1script - 5:30 am on Apr 24, 2012 (gmt 0)
In hopes to cheer up a fellow webmaster, here's my (limited as it is) experience in messing with ads:
Site got banned (completely de-indexed, zero G traffic).
Site had two super-prominent 300x250 ad blocks ATF. Not saying it was the reason for the ban!
Replaced the two 300x250 blocks with one 728x90 ATF and one 300x250 in-content. CPM dropped about 20% - painful but bearable.
Done one or two cosmetic changes (font size and background colors, mostly stuff like this in an external CSS file). No content change whatsoever.
Submitted re-inclusion request.
Three weeks later received a Gmail (not a WMT message) response saying, in essence, "we see improvements but one or more pages of your site still violate ..." (emphasis mine)
One month after that (no changes in the interim and no communique with G) side got un-banned. Mind you, G traffic is still laughable (almost nil). But WMT for this site works, Gbot crawls and everything looks peachy except, of course, the site is still heavily penalized.

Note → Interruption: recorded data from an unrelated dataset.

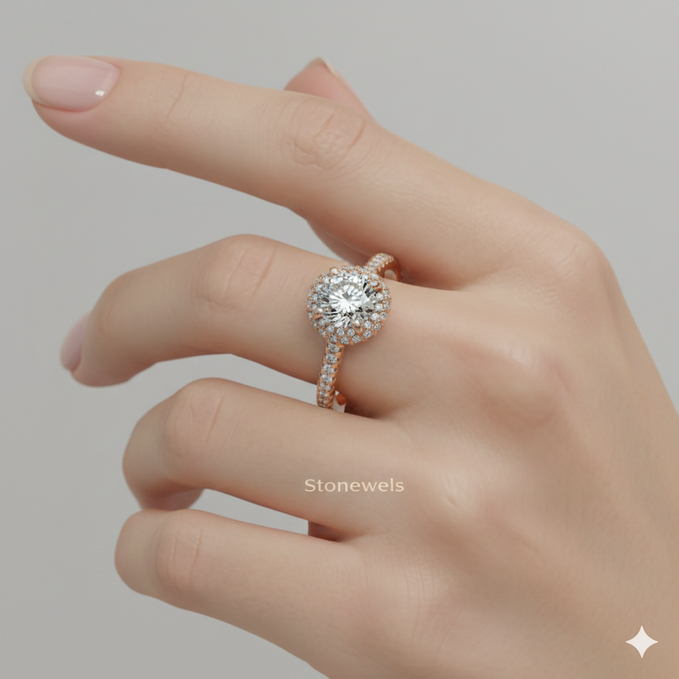 หมายเลขรุ่น:Falling Edge Pavé Diamond Halo Ring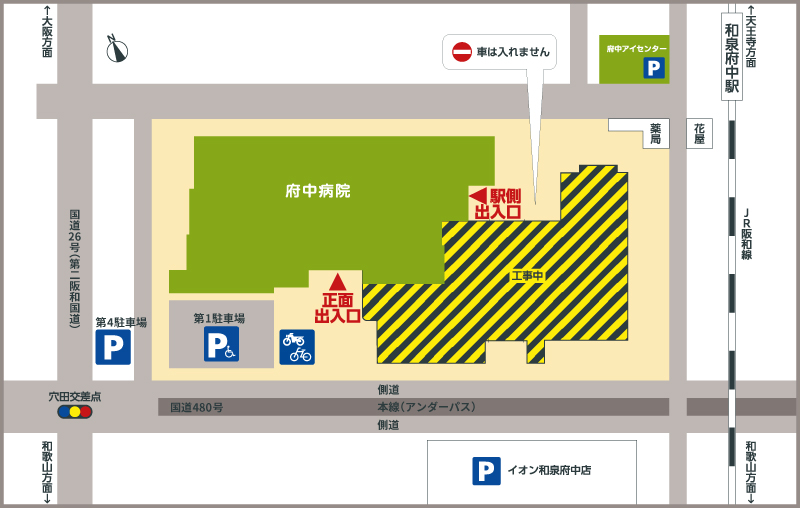 - 2026年4月1日より病院出入口は、正面と駅側出入口の2箇所に変更となります。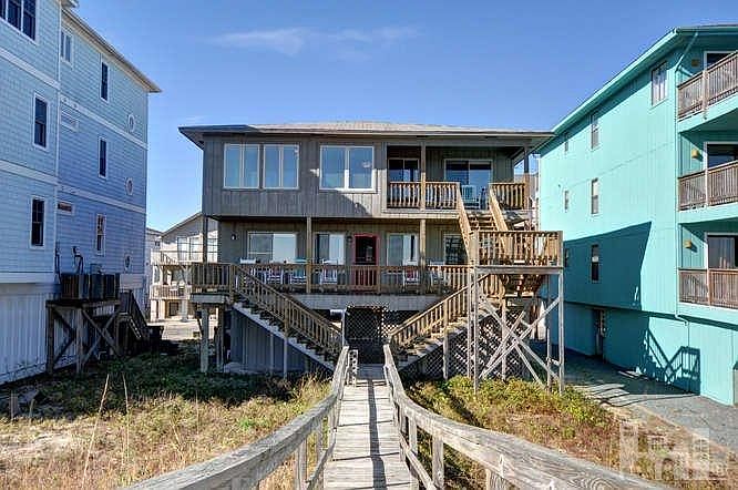 Ocean front, two unit home. NO HOA dues! Loads of covered parking. Experience the serenity of the fragrant breezes along with the sights and sounds of ocean front living. Great investment opportunity! Live in one and rent the other OR rent both! Each fully furnished unit sleeps 12 and consists of 4 bedrooms, 2 full baths, laundry, open kitchen and living room, private outdoor showers and the shared private boardwalk to the beach. The top unit also has a nice sunroom. Enjoy breath taking sunrises, dining alfresco and the seasonal weekly fireworks display from the sprawling covered porches that each unit offers.

The takeaway, I think, should be this: the ads do matter. Mostly, from what I can tell, to the human reviewers (or members of the search quality team, whatever). I don't believe Panda or any algo change has anything to do with it. A person with the power to ban or penalize you lands on [one page of] your site, after 0.2 sec still hates it - you're toast.
So, if you're planning to submit a re-inclusion request, and we all hope that this generates at least one human visit from Google, you do want to tone the ads down if they are absolutely glaring. If you think that you're not dealing with any manual action against your site, messing with ads is not going to help, might as well leave them alone. Or tone them down for the benefit of your users if it makes sense to you.